Top of DATA PROVIDED

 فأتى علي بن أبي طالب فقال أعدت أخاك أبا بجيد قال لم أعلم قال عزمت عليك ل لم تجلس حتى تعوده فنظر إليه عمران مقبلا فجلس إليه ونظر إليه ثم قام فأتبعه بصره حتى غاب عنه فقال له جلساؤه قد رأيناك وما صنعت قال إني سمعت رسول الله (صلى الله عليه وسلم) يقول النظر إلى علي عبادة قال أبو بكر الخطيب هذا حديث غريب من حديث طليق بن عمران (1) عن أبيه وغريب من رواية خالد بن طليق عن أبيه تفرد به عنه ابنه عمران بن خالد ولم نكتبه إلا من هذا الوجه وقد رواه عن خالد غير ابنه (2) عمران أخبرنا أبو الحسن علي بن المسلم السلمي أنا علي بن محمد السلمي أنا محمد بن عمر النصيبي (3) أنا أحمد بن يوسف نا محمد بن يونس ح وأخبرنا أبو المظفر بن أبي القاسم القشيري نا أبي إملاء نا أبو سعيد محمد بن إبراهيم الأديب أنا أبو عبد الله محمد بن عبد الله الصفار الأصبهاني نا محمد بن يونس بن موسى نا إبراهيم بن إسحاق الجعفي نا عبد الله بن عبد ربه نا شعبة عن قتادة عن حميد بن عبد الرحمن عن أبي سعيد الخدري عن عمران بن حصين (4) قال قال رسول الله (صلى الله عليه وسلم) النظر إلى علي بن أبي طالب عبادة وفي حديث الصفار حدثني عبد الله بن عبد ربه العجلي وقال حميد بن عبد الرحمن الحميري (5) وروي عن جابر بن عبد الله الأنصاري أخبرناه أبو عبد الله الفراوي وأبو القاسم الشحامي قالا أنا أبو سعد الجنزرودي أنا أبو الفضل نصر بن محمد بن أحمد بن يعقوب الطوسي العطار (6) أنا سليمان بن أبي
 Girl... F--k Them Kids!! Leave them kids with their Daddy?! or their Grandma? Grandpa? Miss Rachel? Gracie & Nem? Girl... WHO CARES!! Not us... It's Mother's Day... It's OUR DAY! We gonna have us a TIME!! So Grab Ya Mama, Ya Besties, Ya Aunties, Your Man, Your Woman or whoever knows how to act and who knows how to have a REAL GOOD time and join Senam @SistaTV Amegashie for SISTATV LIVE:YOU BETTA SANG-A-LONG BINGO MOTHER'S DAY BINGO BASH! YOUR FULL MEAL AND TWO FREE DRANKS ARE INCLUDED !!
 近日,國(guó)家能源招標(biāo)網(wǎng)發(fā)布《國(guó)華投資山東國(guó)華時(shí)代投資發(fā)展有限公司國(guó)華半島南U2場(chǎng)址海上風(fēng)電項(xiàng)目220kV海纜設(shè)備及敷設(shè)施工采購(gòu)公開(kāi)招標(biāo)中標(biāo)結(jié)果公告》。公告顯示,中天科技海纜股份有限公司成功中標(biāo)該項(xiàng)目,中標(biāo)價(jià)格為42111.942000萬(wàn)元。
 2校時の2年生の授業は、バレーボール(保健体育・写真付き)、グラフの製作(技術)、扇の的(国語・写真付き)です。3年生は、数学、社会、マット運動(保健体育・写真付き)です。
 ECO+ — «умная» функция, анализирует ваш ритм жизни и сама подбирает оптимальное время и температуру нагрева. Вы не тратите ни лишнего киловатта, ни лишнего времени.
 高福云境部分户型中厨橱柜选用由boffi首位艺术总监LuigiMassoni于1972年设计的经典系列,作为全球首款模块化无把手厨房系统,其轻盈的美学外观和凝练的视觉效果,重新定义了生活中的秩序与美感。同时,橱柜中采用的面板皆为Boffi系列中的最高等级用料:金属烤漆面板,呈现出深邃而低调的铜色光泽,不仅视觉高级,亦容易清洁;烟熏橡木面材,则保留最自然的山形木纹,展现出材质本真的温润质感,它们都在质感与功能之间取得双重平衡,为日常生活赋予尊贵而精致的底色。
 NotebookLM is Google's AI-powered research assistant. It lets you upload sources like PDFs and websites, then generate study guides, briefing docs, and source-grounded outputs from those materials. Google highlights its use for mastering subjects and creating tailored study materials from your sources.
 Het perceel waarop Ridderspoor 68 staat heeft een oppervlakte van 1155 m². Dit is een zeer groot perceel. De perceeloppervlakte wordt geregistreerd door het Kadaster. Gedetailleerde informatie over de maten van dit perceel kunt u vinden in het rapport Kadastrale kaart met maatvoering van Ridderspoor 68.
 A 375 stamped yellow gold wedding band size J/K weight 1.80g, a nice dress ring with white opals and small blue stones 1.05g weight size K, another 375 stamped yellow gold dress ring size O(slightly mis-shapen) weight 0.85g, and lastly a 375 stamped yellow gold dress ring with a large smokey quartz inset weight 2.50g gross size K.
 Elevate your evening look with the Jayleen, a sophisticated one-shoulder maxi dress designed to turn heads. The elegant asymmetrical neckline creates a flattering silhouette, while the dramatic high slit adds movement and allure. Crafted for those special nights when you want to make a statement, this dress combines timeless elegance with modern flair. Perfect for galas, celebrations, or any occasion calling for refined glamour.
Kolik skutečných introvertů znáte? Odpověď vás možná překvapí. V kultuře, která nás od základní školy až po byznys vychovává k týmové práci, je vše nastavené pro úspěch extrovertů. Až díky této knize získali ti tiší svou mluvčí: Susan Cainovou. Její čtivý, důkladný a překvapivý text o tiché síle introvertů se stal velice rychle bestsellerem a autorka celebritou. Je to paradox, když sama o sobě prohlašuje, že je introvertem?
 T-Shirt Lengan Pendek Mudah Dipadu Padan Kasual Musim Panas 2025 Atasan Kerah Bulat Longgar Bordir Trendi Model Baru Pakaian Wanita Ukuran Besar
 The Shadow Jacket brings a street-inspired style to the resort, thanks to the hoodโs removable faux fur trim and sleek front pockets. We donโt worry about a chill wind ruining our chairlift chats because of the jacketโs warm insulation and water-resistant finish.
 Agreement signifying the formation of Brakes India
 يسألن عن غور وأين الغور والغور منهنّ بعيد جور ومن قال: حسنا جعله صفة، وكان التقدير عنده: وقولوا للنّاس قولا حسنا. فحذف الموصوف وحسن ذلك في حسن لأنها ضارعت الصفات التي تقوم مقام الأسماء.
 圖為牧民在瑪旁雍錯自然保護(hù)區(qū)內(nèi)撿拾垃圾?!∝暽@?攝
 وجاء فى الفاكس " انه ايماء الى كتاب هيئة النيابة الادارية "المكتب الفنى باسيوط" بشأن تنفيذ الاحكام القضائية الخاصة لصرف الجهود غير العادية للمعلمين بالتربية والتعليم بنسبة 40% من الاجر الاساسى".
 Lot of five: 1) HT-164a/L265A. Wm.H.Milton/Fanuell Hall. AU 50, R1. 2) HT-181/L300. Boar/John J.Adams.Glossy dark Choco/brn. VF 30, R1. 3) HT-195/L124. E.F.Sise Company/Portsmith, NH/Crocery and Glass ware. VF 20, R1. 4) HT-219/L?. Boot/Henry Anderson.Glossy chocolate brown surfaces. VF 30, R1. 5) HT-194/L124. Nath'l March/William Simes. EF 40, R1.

Bottom of DATA PROVIDED

- EXERCISE OBJECTIVE: All that is needed is the exact run of lines above from the line containing "高福云境部分户型中厨橱柜选用" through the line containing "Elevate your evening", both of them included.

- ANSWER FOR THIS EXERCISE:
 高福云境部分户型中厨橱柜选用由boffi首位艺术总监LuigiMassoni于1972年设计的经典系列,作为全球首款模块化无把手厨房系统,其轻盈的美学外观和凝练的视觉效果,重新定义了生活中的秩序与美感。同时,橱柜中采用的面板皆为Boffi系列中的最高等级用料:金属烤漆面板,呈现出深邃而低调的铜色光泽,不仅视觉高级,亦容易清洁;烟熏橡木面材,则保留最自然的山形木纹,展现出材质本真的温润质感,它们都在质感与功能之间取得双重平衡,为日常生活赋予尊贵而精致的底色。
 NotebookLM is Google's AI-powered research assistant. It lets you upload sources like PDFs and websites, then generate study guides, briefing docs, and source-grounded outputs from those materials. Google highlights its use for mastering subjects and creating tailored study materials from your sources.
 Het perceel waarop Ridderspoor 68 staat heeft een oppervlakte van 1155 m². Dit is een zeer groot perceel. De perceeloppervlakte wordt geregistreerd door het Kadaster. Gedetailleerde informatie over de maten van dit perceel kunt u vinden in het rapport Kadastrale kaart met maatvoering van Ridderspoor 68.
 A 375 stamped yellow gold wedding band size J/K weight 1.80g, a nice dress ring with white opals and small blue stones 1.05g weight size K, another 375 stamped yellow gold dress ring size O(slightly mis-shapen) weight 0.85g, and lastly a 375 stamped yellow gold dress ring with a large smokey quartz inset weight 2.50g gross size K.
 Elevate your evening look with the Jayleen, a sophisticated one-shoulder maxi dress designed to turn heads. The elegant asymmetrical neckline creates a flattering silhouette, while the dramatic high slit adds movement and allure. Crafted for those special nights when you want to make a statement, this dress combines timeless elegance with modern flair. Perfect for galas, celebrations, or any occasion calling for refined glamour.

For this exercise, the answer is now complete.